Explainability Results
The analysis of the prediction techniques used in the study show that the ANN model with linearly significant and untransformed variables had a preponderance for the insured’s age and marital status, whereas work-related variables were less relevant. However, this model included a variable that was previously discarded in the other datasets: the year of occurrence, which is potentially related to inflation or the growth of the average cost of the claim over time. Additionally, the boosting model, which considered the normalized base without outliers or variables with no linear relationship, reinforced the importance of the most relevant variables from the previous relationships, such as weekly income, year of occurrence, age, and gender.
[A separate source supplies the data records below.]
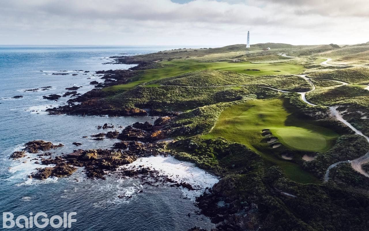 球场上的每个球洞都能看到海景,这非常罕见,而且每个球洞都不一样。起伏的球场通常打起来很稳固,让想象力尽情发挥,带来无限的击球可能性。发球台、球道和果岭都种有羊茅草,效仿了苏格兰和爱尔兰古老的传统林克斯球场。前五个洞绕着法威尔角岬角蜿蜒前行,然后路线向内陆移动,接下来的八个洞位于沙丘和偶尔出现的石灰岩露头之间。然后,第 14 至 18 个洞向雄伟的威克姆角灯塔移动,最后到达一个环绕维多利亚湾的闭洞。
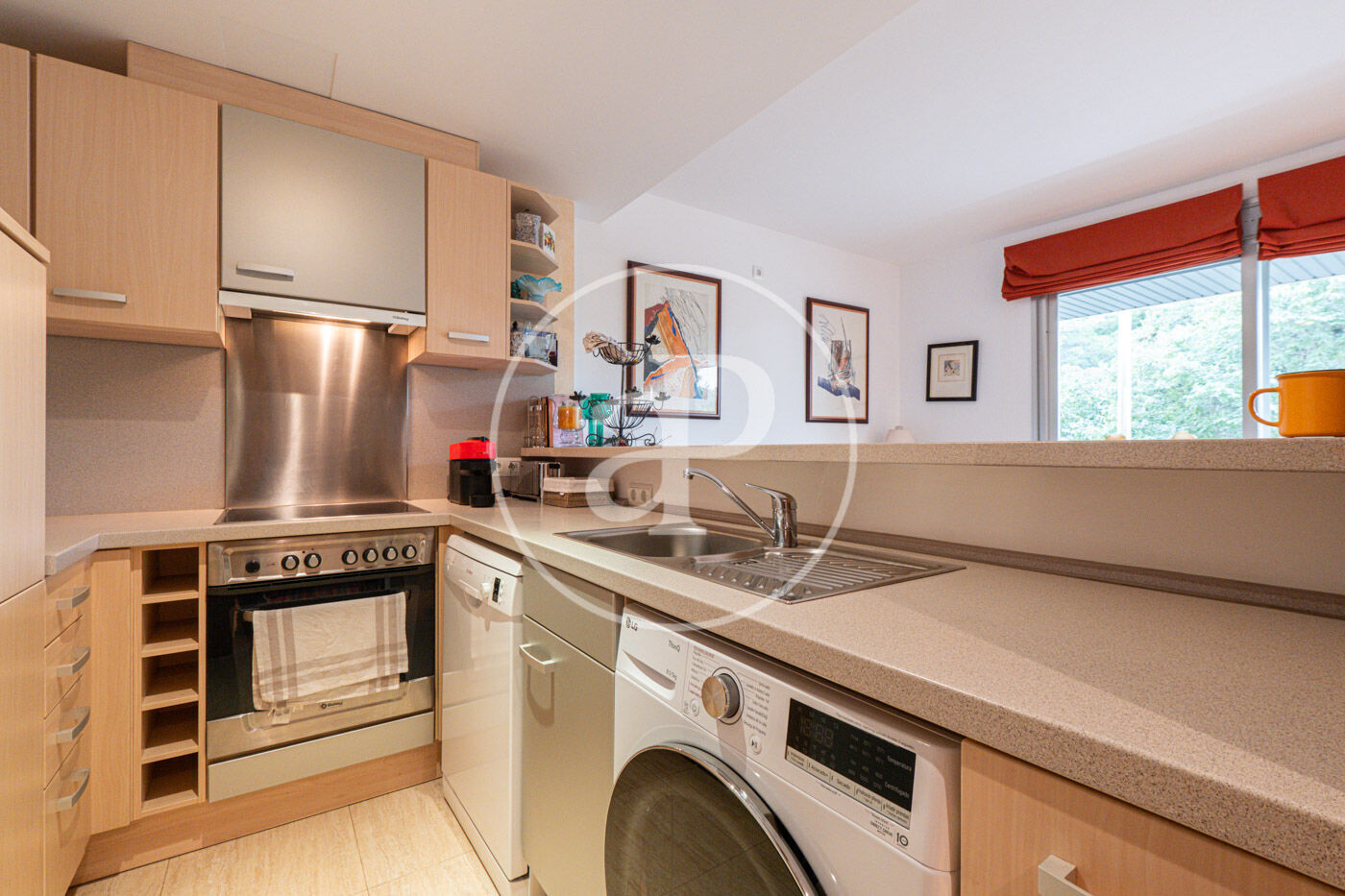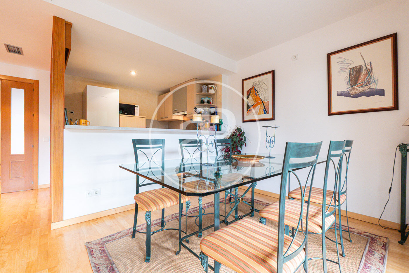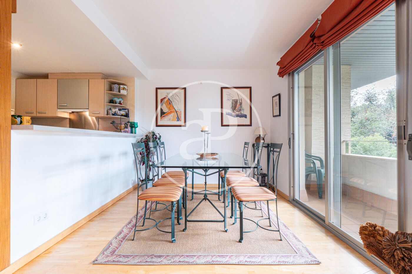 The living-dining room with two large windows that give access to a balcony with views to the park, has a fully equipped and functional open plan kitchen.
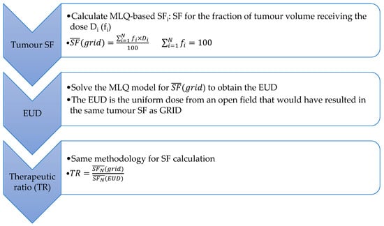 The formalism [], as demonstrated in Figure 2, postulates that the grid and open fields with the same EUD result in the same tumour cell kill efficacy. Therefore, the therapeutic ratio (TR) is defined as the normal tissue survival fraction ratio with GRID to that with an open field. A patient can benefit from the GRID technique if TR is greater than 1, that is lower normal tissue toxicity is expected with the same tumour control if SFRT is used.

It should be noted that the incidence of the variables in the models cannot be understood solely from the results obtained from each algorithm. Despite the limitations of information, such as the type of work or cause of the accident, the study was able to clearly identify the influence of weekly income, age, and year of occurrence. The cost of an accident at work is directly related to the injured worker’s salary (income), which is usually related to their experience level, making sense that age matters. Furthermore, the year provides a reference to the influence of the value of money over time or the inflationary effect in wages. The results of the study are presented in
Figure 7.
The boosting machine learning (ML) algorithm demonstrated its effectiveness in generating consistent and robust explanations through various explainability techniques. The high level of correlation among the results of these techniques further strengthens the credibility of the explanations. Moreover, the variable selection process achieves high consistency and robustness across different datasets, indicating the reliability of the approach.
In terms of computational cost and availability, the model measure outperforms the firm and shap techniques, which are slow. In contrast, the perm technique executes quickly but is not universally available for all models and datasets.
From a regulatory compliance perspective, the model provides a suitable fit that may only be partially replicable, but repetition would lead to similar results. The XAI analysis further facilitates understanding any review by the regulator, reinforcing the model’s reliability. The analysis of the results reveals the significance of the weekly income, age, and year of occurrence as influential variables in solving the problem. These variables align with the criteria of a claims specialist, as the cost of the accident claim is directly related to the salary (income) of the injured worker, which in turn is usually associated with the worker’s experience level. It makes sense that age matters in such cases, and the year of occurrence refers to the influence of the value of money over time or the inflationary effect on salaries. Therefore, no weight is given to any discriminant variable.